In the preparation of this article, the assistance of articled student Richard Sehmer is gratefully acknowledged. 

You may recall that, on February 12, 2010, the Supreme Court of Canada released its decision in Tercon Construction Ltd. v. British Columbia (Transportation and Highways) 2010 SCC 4 in an attempt to further ensure fairness and balance the interests of owners and tenderers involved in the tendering process. Subsequently, the precedent has not only been applied to cases promoting fairness in the tendering process, as was the case in CMH Construction Ltd. v. Victoria (Town) 2010 NLTD(G) 145, but it has also been more recently applied to fairness in regard to the interpretation of commercial contracts in Strata Plan 226 v. White Rock (City) 2010 BCSC 1358. 

In Tercon the Supreme Court held that an exclusion of liability clause in a request for proposals which barred claims for compensation “as a result of participating” in the tendering process, did not, when properly interpreted, exclude Tercon’s claim for damages. It was also held that by considering a bid from a non-compliant, and thus ineligible bidder, the Province not only acted in a way that breached the express and implied terms of the contract, it did so in a manner that was an affront to the integrity and business efficacy of the tendering process.   In its reasons for judgment,  the Court confirmed its own earlier determination in The Queen (Ont.) v. Ron Engineering, [1981] 1 S.C.R. 111 that a bid submitted in the tendering process results in a contract (Contract A) between the bidder and the owner, while the awarding in the tendering process results in a separate contract (Contract B). The owner owes a duty of fairness under both contracts, and, post-Tercon, will not easily be able to exclude liability for unfairly accepting an ineligible bid under ‘Contract A’.

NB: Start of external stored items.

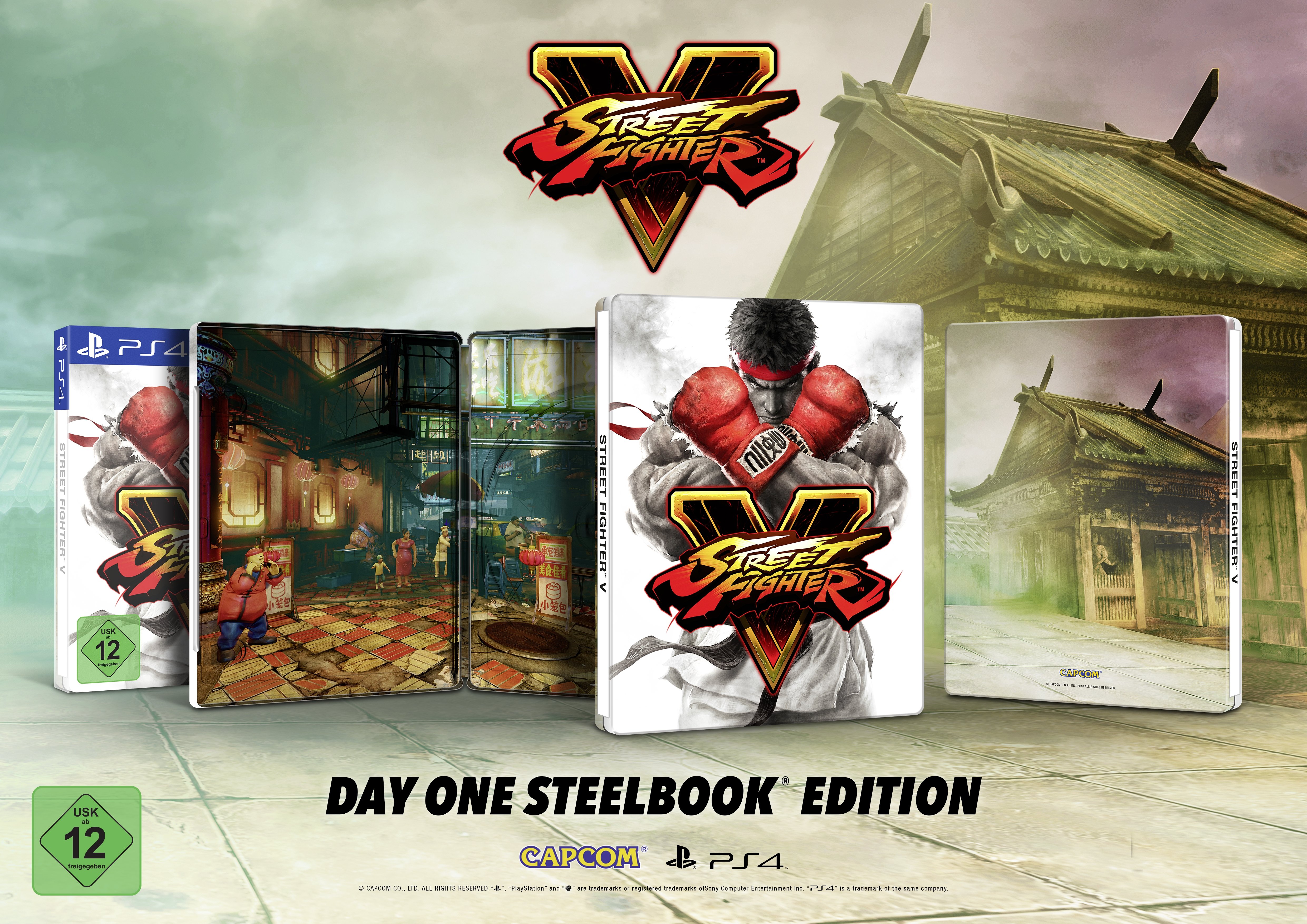 Fans, die direkt zur Veröffentlichung von Street Fighter V am 16. Februar 2016 zuschlagen möchten, erwartet eine besondere Überraschung: Die erste Auslieferung des Spiels für PlayStation 4 wird zusätzlich zur normalen Version auch in streng limitierter Ausführung als Steelbook erhältlich sein! Diese Version beinhaltet das komplette Spiel in einer edlen Ryu-Verpackung, die im Innern das ikonische China-Level präsentiert. Ein absolutes Muss für alle wahren Street Fighter-Fans!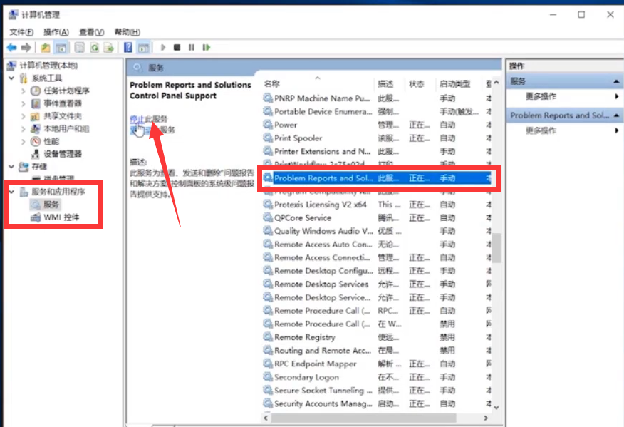 2、进入后在服务和应用程序--服务里找到图中红框中的程序,选中后点击“停止此服务”。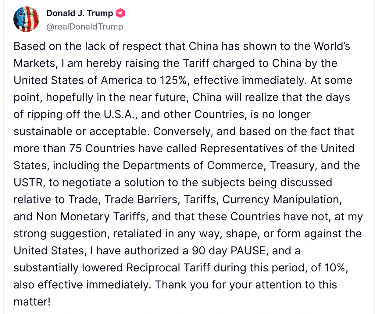 President Donald Trump announced a dramatic increase in tariffs on Chinese goods, raising the tariff rate to 125%, effective immediately. The move follows ongoing concerns over China's treatment of global markets and trade practices, with Trump stressing that China’s actions have been unsustainable and unacceptable. In a post on Truth Social, the President criticized China for “ripping off” the U.S. and other countries, signaling that such behavior would no longer be tolerated.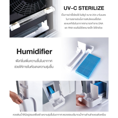 ปล่อยไอออนประจุลบ สูงสุด 10,000,000 ประจุ/ลบ.ซม. เพิ่มความสดชื่นและช่วยดักจับฝุ่นละออง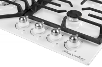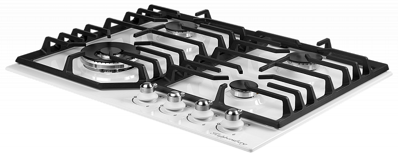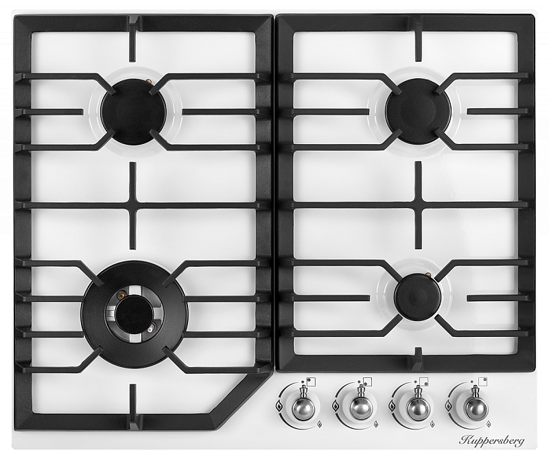Стильная газовая варочная панель Kuppersberg FS 603 W Silver, белого цвета с четырьмя конфорками и красивыми ручками «под серебро» , прекрасно впишется в любую современную кухню. Ширина панели 61 см. Встраивается в нишу 560 х 490 см . Поверхности FS 603  изготавливаются из металла, покрытый жаростойкой эмалью и оснащены чугунными решётками нового, интересного дизайна. Интересная модель с четырьмя конфорками под повседневные задачи (2.0 кВт, 1.0 кВт, 2.0 кВт, 3.0 кВт). Варочная поверхность Kuppersberg FS 603 W Silver удобная и безопасная, в ней есть все необходимое, что должно быть у хорошей газовой плиты: конфорки разного диаметра и мощности, система электроподжига, основательные чугунные решётки и система «газ-контроль». Если вы планируете использовать панель там, где нет магистрального газа, то просто достаточно заменить жиклеры под баллонный газ, которые есть в комплекте поставки.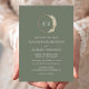 Esta design de boho apresenta as iniciais da noiva e do monograma do noivo moldadas por uma corda d'água, pampas de grama. Personalize o texto branco com os nomes dos casais e os detalhes do casamento em um fundo verde sábio. O verso é verde de sábio sólido.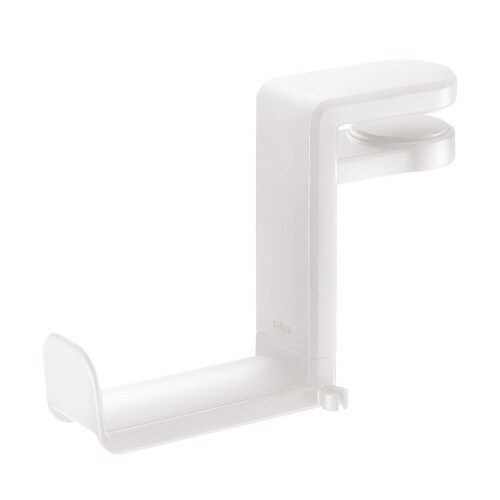 デスクや棚にワンタッチで簡単に設置できるヘッドホンフックです。360度回転式なので机の外向きでも内向きでも使用できます。最大38mmまでの天板にしっかり固定できるバネ式構造を採用しています。 |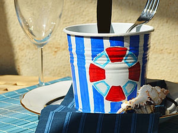 Elija una lata alta y borre la etiqueta. Si la superficie es desigual, se debe poner masilla. Aplicamos la solución para el mosaico y sujetamos piezas pequeñas a la solución de acuerdo con los espacios. Cubrimos la olla con una mezcla especial para la lechada. Limpie bien con un paño seco y deje secar.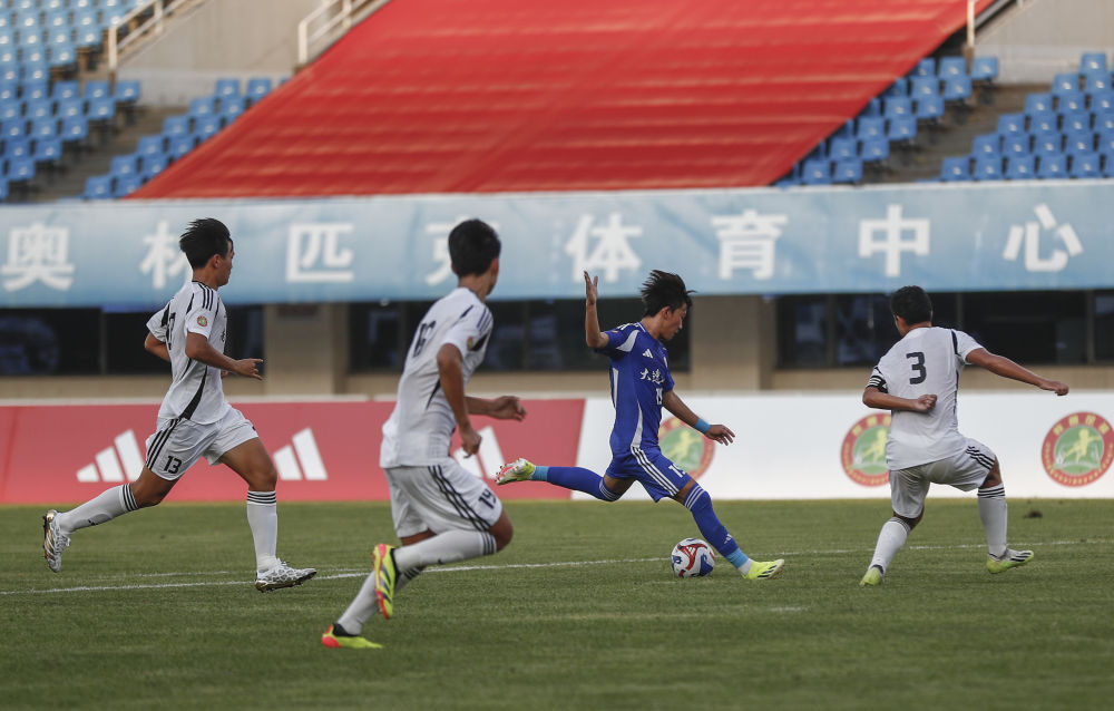 2024年8月30日,大連市第八中學(xué)隊球員張禹(右二)打入第一粒進球。當(dāng)日,2023-2024全國青少年校園足球聯(lián)賽高中男子組決賽在北京奧體中心體育場舉行,大連市第八中學(xué)隊2比0戰(zhàn)勝南昌市第二中學(xué)隊,奪得冠軍。新華社記者 胡星宇 攝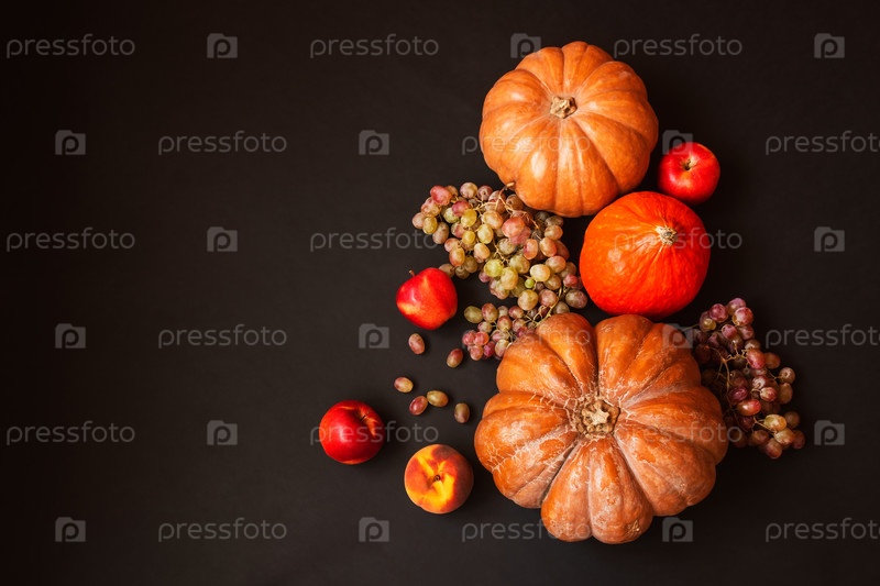 Бордюр из тыкв и свежих фруктов на темном фоне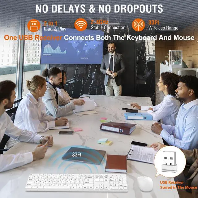 Lag-free, Plug & Play2.4GHz wireless technology provides automatic frequency recognition and stable signal, plug and play, connection range up to 33ft without any delays. Cut the cord and enjoy the freedom.Keyboard and mouse , .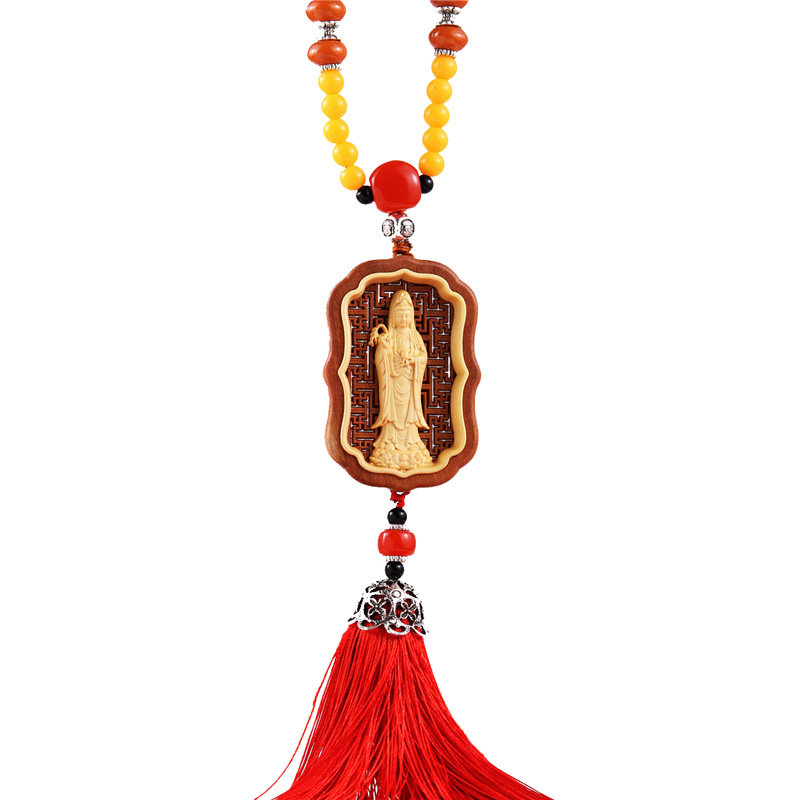 黄杨木雕观音菩萨汽车挂件高档大气镂空枣木观音车内后视镜挂饰品 - 香车名家车饰品店

In two recent cases, Tercon has been applied to extend contracting parties’ implied contractual duty of fairness in different situations.   On September 22, 2010, in CMH Construction Ltd. v. Victoria (Town), a plaintiff construction company successfully relied on Tercon to argue that the defendant town, in its request for proposals in the tendering process to renovate the town’s municipal center, breached a duty of fairness it owed to the bidders. In complying with a tender call, CMH Construction submitted a bid pursuant to standard bidding techniques. Without notifying CMH, the defendant town re-issued the tender call to other contractors and suppliers in hopes that they would receive a cheaper bid. After this second round of bids, the defendant accepted a lower bid from an alternate construction company. In holding in favour of CMH, the Newfoundland court confirmed the existence of a “Contract A” in the bidding process and, as in Tercon, affirmed a duty of fairness therein.

Five days after CMH Construction was released, Tercon was applied by the British Columbia Supreme Court to a dissimilar factual scenario in Strata Plan 226 v. White Rock (City) . In this case, the court applied Tercon in an effort to promote fairness in the interpretation of a provision in a restrictive covenant on the title of strata lots in a strata plan.   In doing so, the court applied the Tercon analysis that “the key principle of contractual interpretation here is that the words of one provision must not be read in isolation but should be considered in harmony with the rest of the contract and in light of its purpose and commercial context.” In this appeal, the B.C. Supreme Court overturned a previous decision by a Board Chair who did not consider anything beyond the natural meaning of plain and obvious words as written in the relevant clause. This application of Tercon illustrates the judiciary’s willingness to apply the duty of fairness to a broader scope of commercial relationships.

The Tercon decision found a compromise between an owner’s desire to maintain flexibility during the tendering process and a tenderer’s right to a fair process after having spent considerable resources in preparation of a tender. In applying Tercon more generally, the courts will ensure fairness and transparency in not only the tendering process, but in other business transactions.